- **The data**:

■ ■ ■ ■

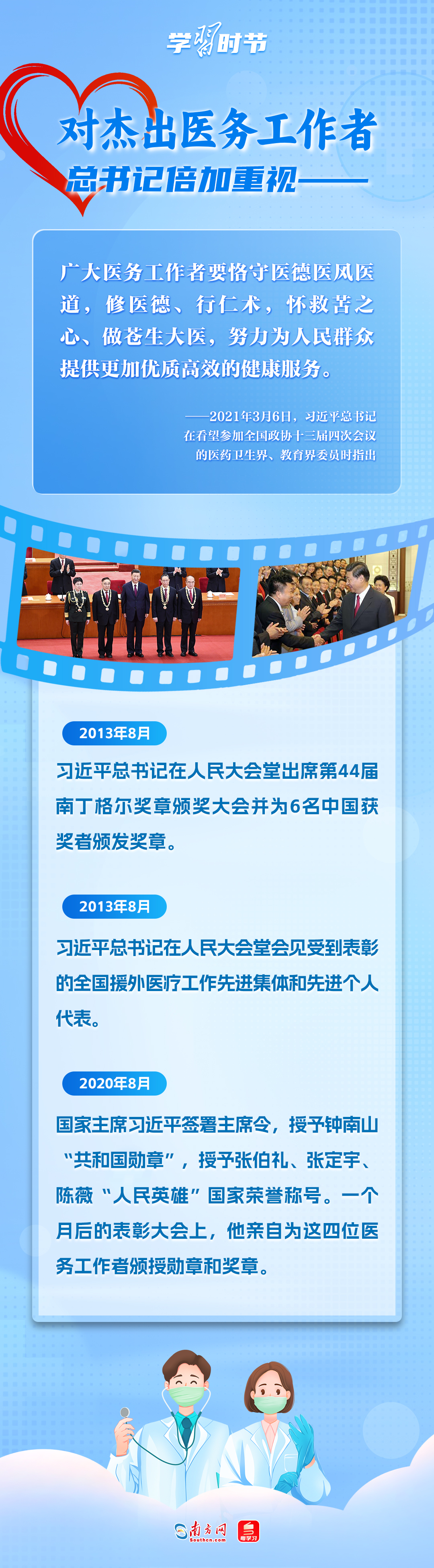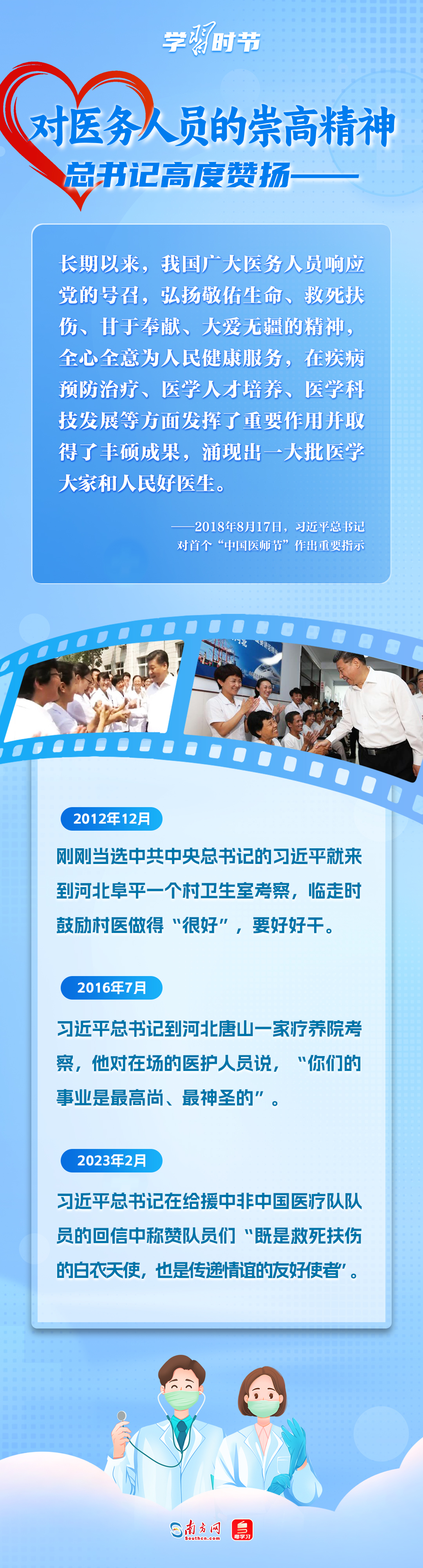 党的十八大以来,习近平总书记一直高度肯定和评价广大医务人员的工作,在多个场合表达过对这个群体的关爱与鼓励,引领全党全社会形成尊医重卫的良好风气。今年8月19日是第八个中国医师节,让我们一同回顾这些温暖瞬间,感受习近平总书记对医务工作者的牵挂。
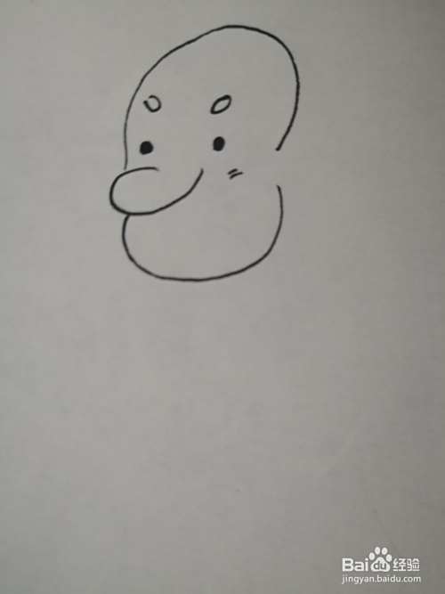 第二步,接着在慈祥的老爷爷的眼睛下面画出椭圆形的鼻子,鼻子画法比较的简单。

■ ■ ■ ■

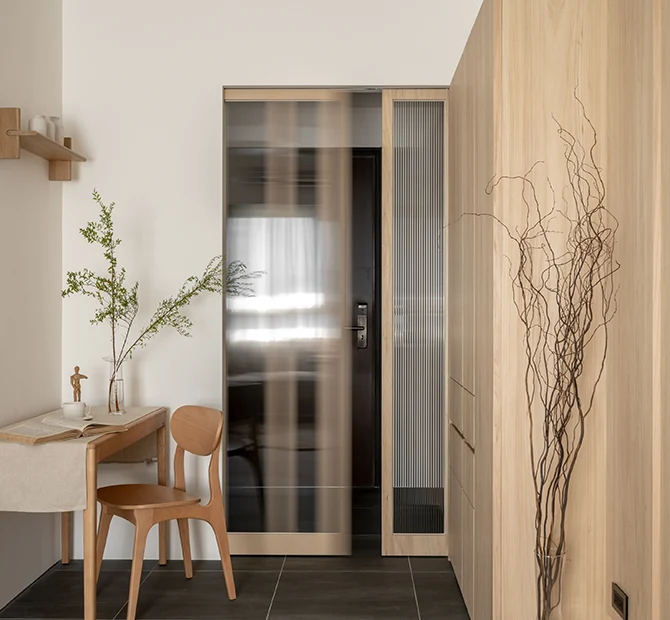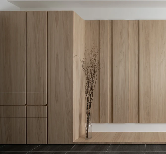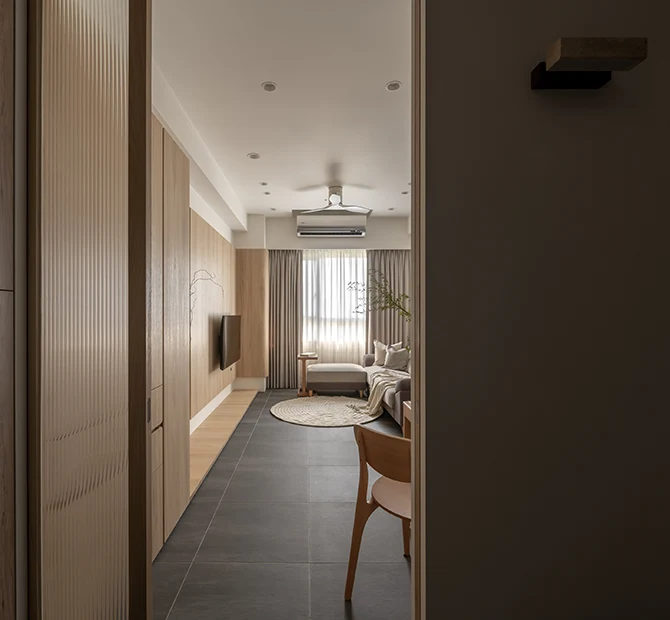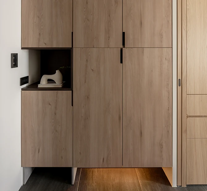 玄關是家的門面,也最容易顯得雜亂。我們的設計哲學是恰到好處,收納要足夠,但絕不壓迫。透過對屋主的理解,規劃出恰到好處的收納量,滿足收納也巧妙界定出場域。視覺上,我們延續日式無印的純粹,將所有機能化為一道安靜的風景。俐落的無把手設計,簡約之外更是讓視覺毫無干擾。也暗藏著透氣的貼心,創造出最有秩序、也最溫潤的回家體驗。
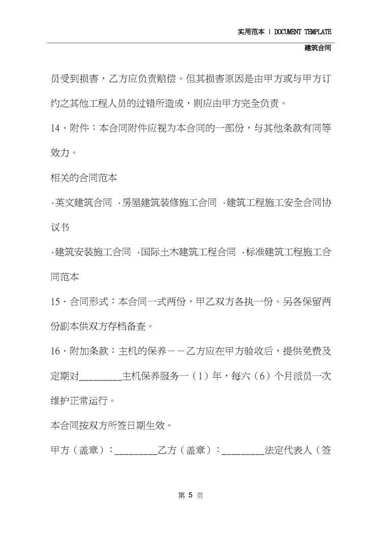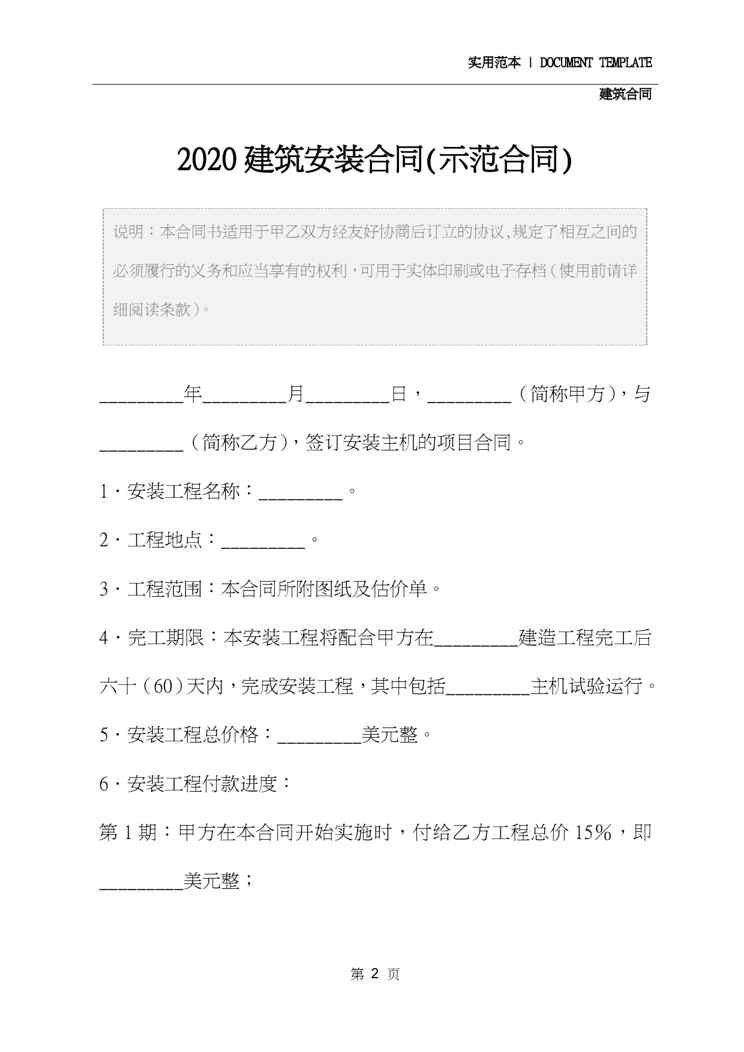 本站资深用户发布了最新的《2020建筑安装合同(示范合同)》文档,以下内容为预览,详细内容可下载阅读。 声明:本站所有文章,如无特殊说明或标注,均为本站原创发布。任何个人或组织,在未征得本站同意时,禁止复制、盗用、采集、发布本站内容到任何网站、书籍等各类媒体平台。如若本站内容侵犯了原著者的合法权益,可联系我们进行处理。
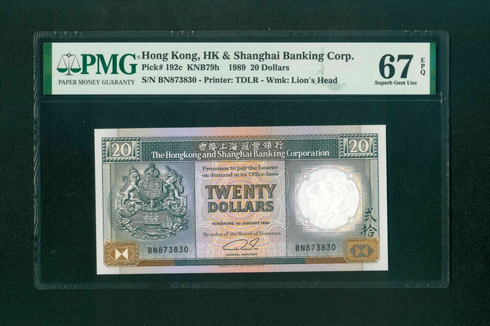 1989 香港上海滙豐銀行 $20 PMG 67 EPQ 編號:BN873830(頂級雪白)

■ ■ ■ ■

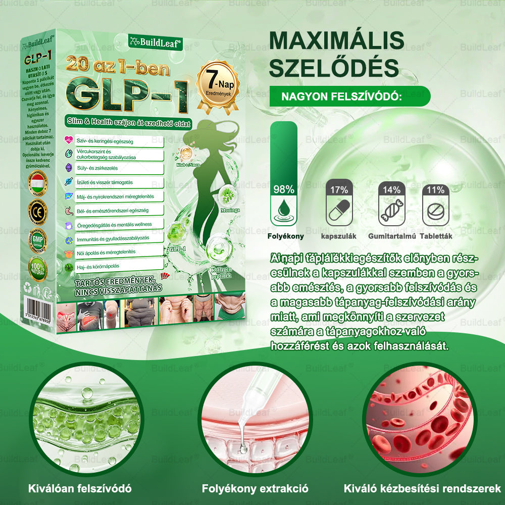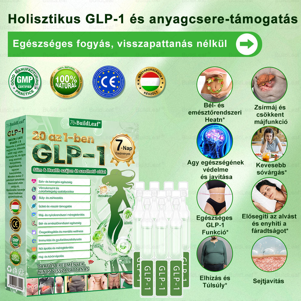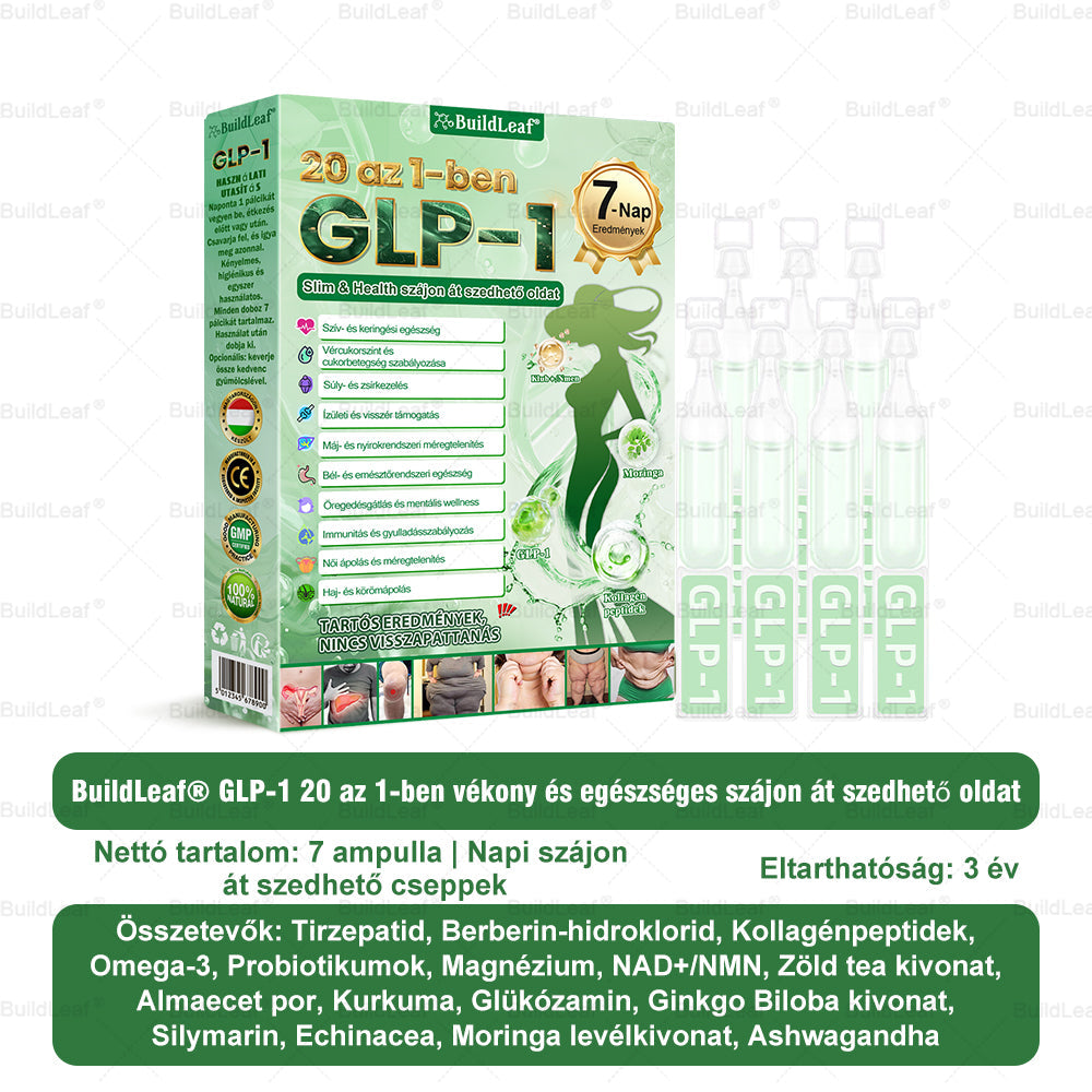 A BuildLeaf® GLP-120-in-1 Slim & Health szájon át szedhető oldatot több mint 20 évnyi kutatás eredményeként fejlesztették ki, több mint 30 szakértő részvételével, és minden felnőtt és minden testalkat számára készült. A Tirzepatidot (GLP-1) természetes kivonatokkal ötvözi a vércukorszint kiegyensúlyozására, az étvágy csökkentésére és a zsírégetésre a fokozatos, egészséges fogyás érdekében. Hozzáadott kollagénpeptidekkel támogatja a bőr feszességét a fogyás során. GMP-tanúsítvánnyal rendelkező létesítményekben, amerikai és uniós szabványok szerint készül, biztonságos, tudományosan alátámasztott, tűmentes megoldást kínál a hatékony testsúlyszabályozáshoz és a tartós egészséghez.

■ ■ ■ ■

- **What to work on**:
Your copy should hold only the lines above from the one containing "党的十八大以来,习近平总书记" through the one containing "第二步,接着在慈祥的老爷爷的眼睛下面画出椭圆形的鼻子,鼻子画法比较的简单。", exactly as written and free of pictures.

- **Result below**:
 党的十八大以来,习近平总书记一直高度肯定和评价广大医务人员的工作,在多个场合表达过对这个群体的关爱与鼓励,引领全党全社会形成尊医重卫的良好风气。今年8月19日是第八个中国医师节,让我们一同回顾这些温暖瞬间,感受习近平总书记对医务工作者的牵挂。
 第二步,接着在慈祥的老爷爷的眼睛下面画出椭圆形的鼻子,鼻子画法比较的简单。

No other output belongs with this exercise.